The ‘‘Entrepreneurship in Agribusiness” is a blended learning programme based upon an existing course originally developed by the African Management Initiative (AMI). The Expert Group has been working closely with AMI to adapt their introduction to entrepreneurship course into the context of the Agri-Food sector and this has involved the development of new case studies, resources and materials.
The resulting course consists of ten group-work sessions, each session lasts three hours. The course can be spread over 10 – 14 weeks and embedded into the work of the facilitating institution. The course takes a budding entrepreneur through the process of developing a high-quality business plan: from identifying problems to creating solutions (the business idea), through analysing the market, identifying their value and supply chains and considering revenues and capital.
This process is achieved through group work and individual learning, encouraging students to practise and hone their communication and presentation skills as well as their critical thinking. At the end of the course, the students will present their completed Business Plans to their peers, providing the opportunity for feedback and review.

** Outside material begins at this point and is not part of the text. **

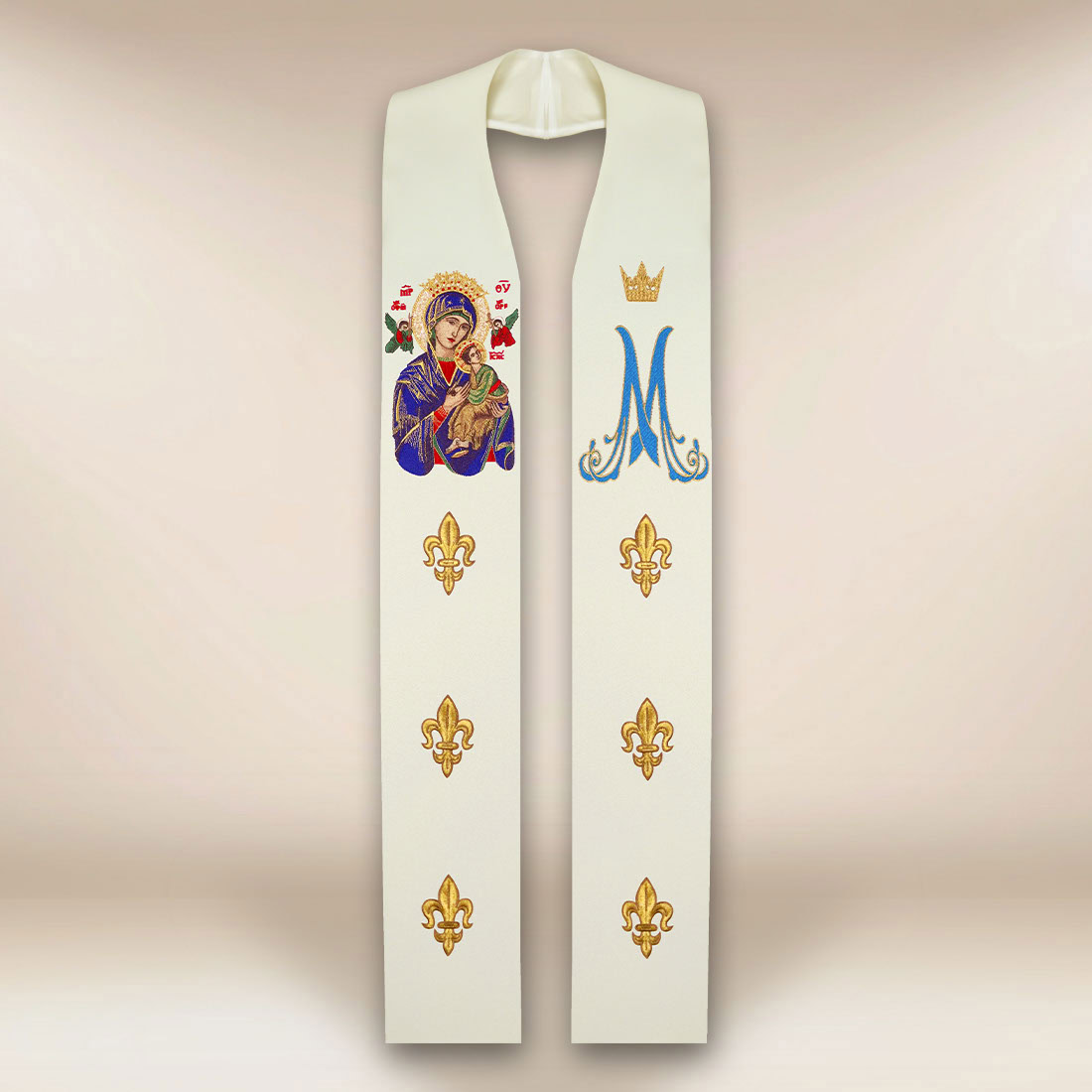 Stuła haftowana „Matka Boża Nieustającej Pomocy” to wyjątkowa propozycja dla kapłanów pragnących podkreślić maryjny charakter celebracji. Centralny element stanowi haftowany wizerunek Matki Bożej Nieustającej Pomocy, wykonany z najwyższą starannością w wyrazistych barwach, które oddają ikonograficzną głębię tego obrazu. Motyw ten od wieków pozostaje symbolem opieki i czułej troski Maryi.

The approach combines in-class and online learning. The ‘in-person’ component is achieved through training of trainers, during which a group of educators is trained so that they can pass the knowledge further to students in their locations.
In March 2018, ten amazing people from Somalia, Kenya and Uganda came together to participate in the inaugural ‘Training of Trainers’ course that took place in Nairobi over four days. The trainers were introduced to the course, its online platform and the embedded experiential learning approach to enable them to facilitate the course with their own students. The plan is that 100 students will have completed the course by the end of September 2018.
For many of the course participants, this was the first time they explored ‘experiential’ group work learning. Many immediately realised the special feature of this methodology: this approach provides an opportunity to link classroom theory with real-world experience. Indeed, one professor clearly articulated the strategic linkage between this education initiative and national strategy that seeks to promote competency-based learning.
During the next step 5 participating Universities and the Institute are to recruit their students and begin to facilitate the programme ‘in-house’. During this phase students and facilitators will use the online learning platform to build online communities, access the curricula, tools and resources and support each other through this exciting journey. Each of the implementing partners will also receive real-time support from AMI and the Agripreneurship Alliance which will include an in-person visit, providing for in-depth guidance and advise to facilitators.